Successful development of the offshore fields would require the building of an entire new industry, as it did in Mozambique on Africa’s east cost, where Total has led a fraught attempt to develop a giant offshore gasfield since 2010. The French energy major suspended operations in 2021 after attacks by Islamist insurgents.
Given the time it may take to develop the Namibian fields — Shell has said it would not expect any oil from the country until after 2030 — there is a chance that oil demand could already be declining when the projects start to produce.
“There is a big risk of encouraging the initiation of an industry that, at least long term, is in secular decline,” said Michael Coffin, a former BP geologist who is now the head of oil, gas and mining at the think-tank Carbon Tracker. “That doesn’t seem like a great bet for the economic development of any country.”

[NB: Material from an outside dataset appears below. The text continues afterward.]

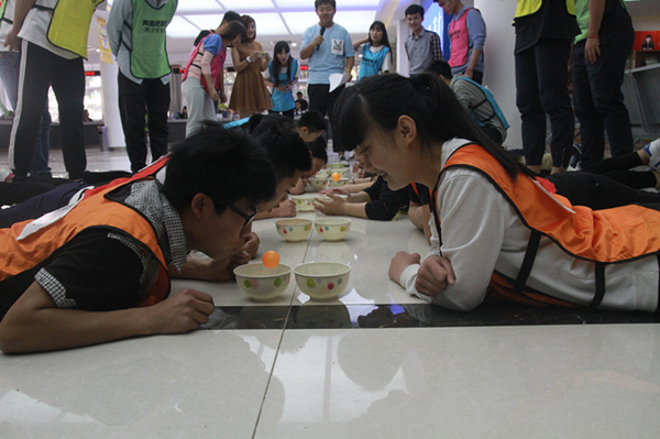 24日下午两点,比赛正式开始。六支队伍摩拳擦掌,跃跃欲试,他们分别给自己队伍起了队名和口号,充满了信心与激情。比赛第一个环节为“跳动的乒乓球”,要求各队队员依次把一个碗里的乒乓球吹到另一个碗中,然后再吹回来,所有队员都完成任务之后,全体队员手挽手奔跑参观两史馆后回到比赛场地内通过抢答问题决出名次,最后一支队伍将被淘汰;第二环节为“趾压板上的歌”,要求队员们在趾压板上唱歌并通过气息把蜡烛吹灭,并且只能一名队员唱歌,其余队员伴舞,共有两次机会,按最优成绩排名,最后一名的队伍淘汰;第三环节为知识抢答。每队有一张A4纸和一支签字笔,通过答题板回答问题。共五道问题,答对最多的队伍获胜,最后一名淘汰。经过层层环节的淘汰筛选,最终海岛队、颜值爆表队、志愿者小分队三支队伍进入最后的撕名牌环节。事务中心五层楼中共14个乒乓球,其中只有3个是真的,最终获得3个真球的队伍获胜。三支队伍可互相撕名牌,每撕敌方一名队员的名牌可获得其找到的乒乓球。各队队员们争分夺秒、团结协作,奋力奔跑,纵然气喘吁吁也挡不住同学们高涨的热情和必胜的决心。最终“海岛队”成为了本次“奔跑吧,英才”活动的最终胜利者。

The oil companies argue that demand will remain significant even as it declines, with potential developments such as Namibia offering opportunities to use advanced technology to produce oil with lower operational emissions.
“Whatever scenario you look at, it’s very clear that, even in 2050, oil and gas will remain a key part of our energy mix,” said Impact’s Ahmed.
However, operational emissions only make up 15 per cent of the carbon emissions associated with a barrel of oil; the rest is produced when it is burnt.
“The elephant in the room is that projects like Namibia might have lower emissions intensity, but you’re still adding a lot of barrels that will get combusted and increase atmospheric CO₂,” said Coffin. “If they’re sanctioned to go ahead, it’s unlikely that some existing production somewhere else would shut earlier.”